**THE TASK:** Write out the data that follows exactly, keeping every picture out.

START STORED DATA

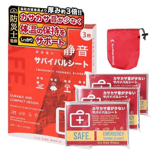 Eco Ride World アルミシート エマージェンシーシート カサカサ音が少ない 静音 ブランケット アルミブランケット サバイバルシート 備蓄 防災 保温 (3) sb_126-02
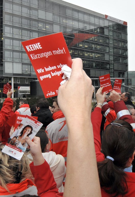 Bilder von der AUA-Protestkundgebung am Flughafen Schwechat
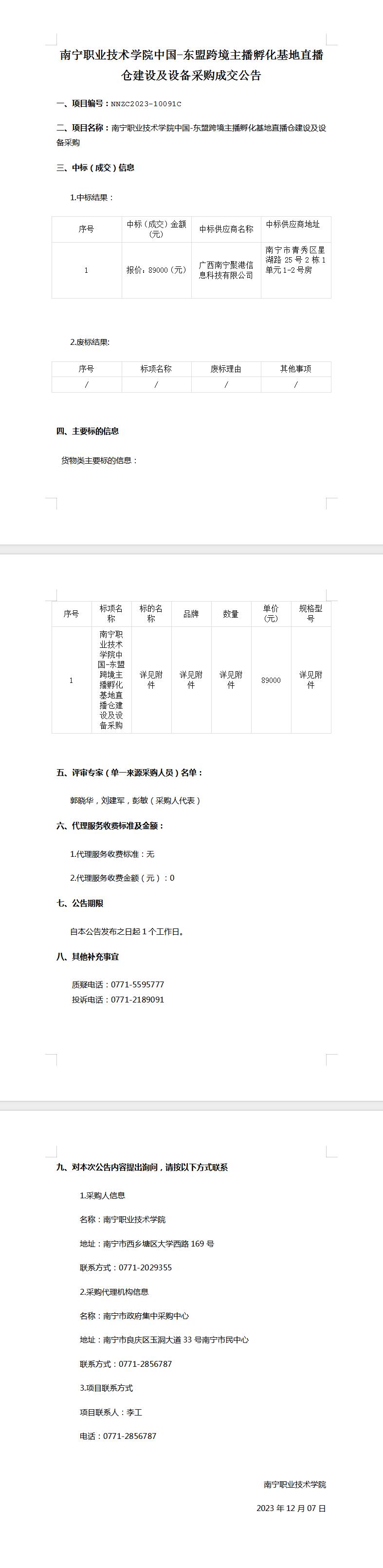 南宁职业技术学院中国-东盟跨境主播孵化基地直播仓建设及设备采购-中标结果公告

END STORED DATA

**ANSWER TO THE EXERCISE:**
 Eco Ride World アルミシート エマージェンシーシート カサカサ音が少ない 静音 ブランケット アルミブランケット サバイバルシート 備蓄 防災 保温 (3) sb_126-02
 Bilder von der AUA-Protestkundgebung am Flughafen Schwechat
 南宁职业技术学院中国-东盟跨境主播孵化基地直播仓建设及设备采购-中标结果公告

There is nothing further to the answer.